Сизифов труд. Глава 14

  (Перевод повести Стефана Жеромского “Syzyfowe prace”)

                Глава 14

    Мутный осенний свет вливался в седьмой класс, наполняя его необычно грустным и скучным полумраком. Только что вышел «Грек», с которым переводили диалоги Лукиана, и вскоре должен был показаться учитель истории. Все ученики сидели в классе. Из шестого класса перешли в седьмой едва двадцать три человека. Добавилось пять второгодников. Они придавали всему классу соответствующий тон и шик. Именно один из таких, бледный и исхудалый мужчина в ученическом мундире, рассказывал впереди скабрезный анекдот сгрудившейся вокруг его парты кучке, время от времени взрывающейся гомерическим хохотом. В другом углу класса Борович проводил оживлённый дискурс с Валецким, называемым «Фигой». Валецкому только исполнилось семнадцать. Это был юноша настолько низкого роста, что его, и это мучило его смертельно, принимали за третьеклассника. Учился отлично, и только благодаря «плохому поведению» находился в списке лучших учеников класса на втором месте, уступая первенство Шламе Гольдбауму. Плохое поведение, то есть четвёрку вместо пятёрки, Валецкий зарабатывал себе за чрезвычайную дерзость.

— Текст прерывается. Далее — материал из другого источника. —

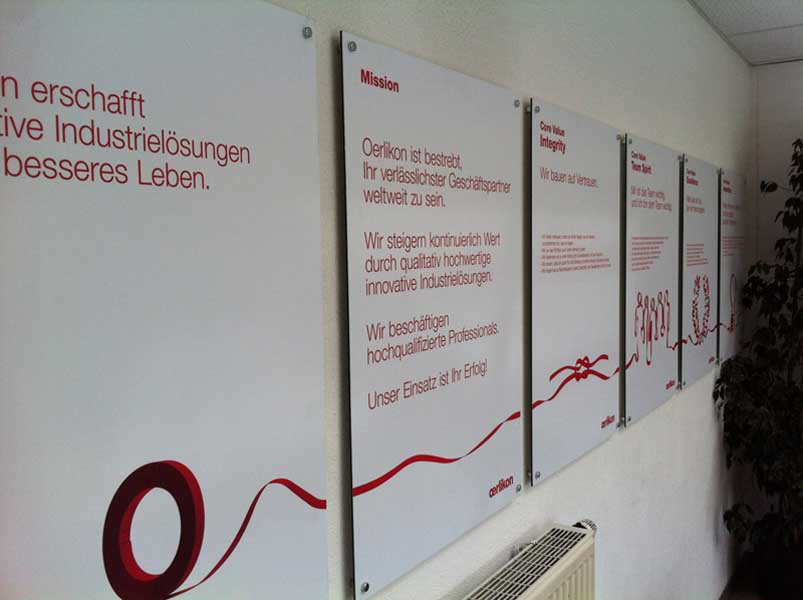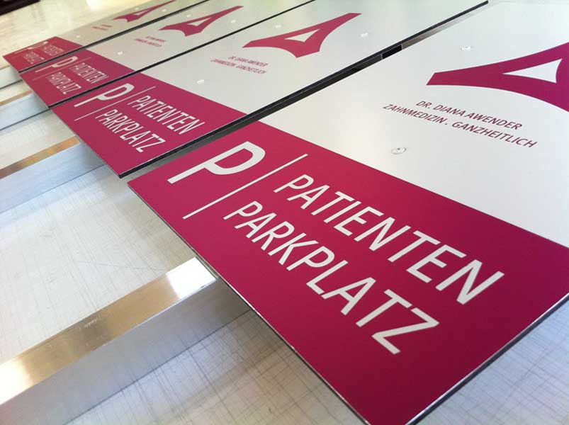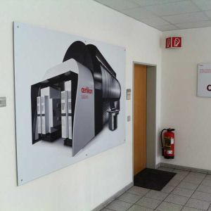 Alu-Dibond ist eine besonders stabile und biegsteife Sandwichplatte aus zwei 0,3mm starken Aluminiumdeckschichten und einem schwarzen Kern aus Polyäthylen. Alu-Dibond ist witterungsbeständig und kann im Innen- und Außenbereich eingesetzt werden. (Highlight: Alu-Dibond Butlerfinish mit gebürsteter Oberfläche in gold oder silber)

    Не проходило недели, чтобы этот симпатичный парень не цеплял какого-нибудь из учителей. На любое замечание тут же отвечал если не шутливым сарказмом, то хотя бы отменным хмыканьем или молниеносным взглядом своих похожих на бриллианты глаз. Вся «литературно-боклеевская» группа старалась заполучить «Фигу» в свои ряды, но он уклонялся от безбожных разговоров. Имел несколько сестёр и был единственным сыном у матери, владелицы небольшого магазина канцелярских товаров, католички. Словно агент тайной полиции, она контролировала каждый шаг сына, вырывала из его рук книжки не только вольнодумные, но и все так называемые «злые», и так безраздельно владела сознанием этого замечательного семиклассника, что тот был обязан добросовестно докладывать о содержании своих бесед с коллегами, делиться своими сокровенными мыслями, наперёд полагаемыми худыми, представлять свои мечты и планы. Ведомый таким образом дерзкий Томаш был вынужден не только избегать всяческих дискуссий, но и не имел права слышать «злых» мыслей, чтобы они не поселились в его голове.

    Узда, концы которой держала у себя дрожащая над «Фигой» мать, доводила его до скрытой, глухой, дикой ярости. Однако, подчинялся, поскольку его активный бунт против родительницы не доходил до сердца. «Фига» верил только в то, что вместе с ней почитал за достойное. Согласно её рекомендациям, преследовал всех «литераторов» в своих высказываниях, хотя в их собраниях не участвовал; читал всё, что было необходимо для написания упражнений на русском языке, но ни одной безбожной книжки в своей руке ещё не держал. Борович тоже не упускал ни одной возможности подразнить своими замечаниями «Фигу», так что между ними существовала постоянно длящаяся борьба.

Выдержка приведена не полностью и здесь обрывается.